The analyzer also automatically detects checks for the final nature of types and will not warn about the absence of garbage collection roots along these paths.
JL_DLLEXPORT jl_value_t *jl_apply_array_type(jl_value_t *type, size_t dim) JL_ALWAYS_LEAFTYPE;
JL_GC_PROMISE_ROOTED
This is an annotation like a function. Any value passed to this annotation will be considered the root value in the scope of the current function. It is intended for cases of incorrect analyzer operation or difficult situations. However, it should not be abused - it is better to optimize the analyzer itself.

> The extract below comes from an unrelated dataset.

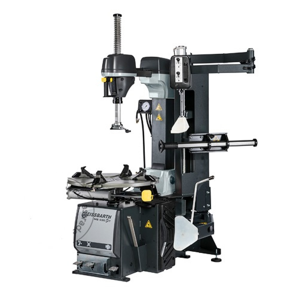 Пневматически управляемое крепление колонны усилено для повышения прочности и устойчивости наиболее нагруженных компонентов. Штанга, к которой крепится монтажная головка, теперь имеет шестиугольную форму, что придает ей дополнительную жесткость. Безопасность пользователя и защита обода также усовершенствованы. Специальный ярко-желтый дефлектор крепится к цилиндру поворотного стола служит дополнительной защитой для пользователя.

void example() { jl_value_t *val = jl_alloc_something(); if (some_condition) { // We happen to know for complicated external reasons // that val is rooted under these conditions JL_GC_PROMISE_ROOTED(val); } }
Completeness of the analysis
The analyzer searches only for local information. In particular, in the case of the PROPAGATES_ROOT
above, it assumes that it sees all the relevant memory changes, that is, that memory does not change in called functions (if they are not taken into account during analysis) and in parallel threads. For this reason, some problematic cases may not be taken into account, although in practice such parallel changes are quite rare. Optimizing the analyzer to cover such situations may be an interesting line of work in the future.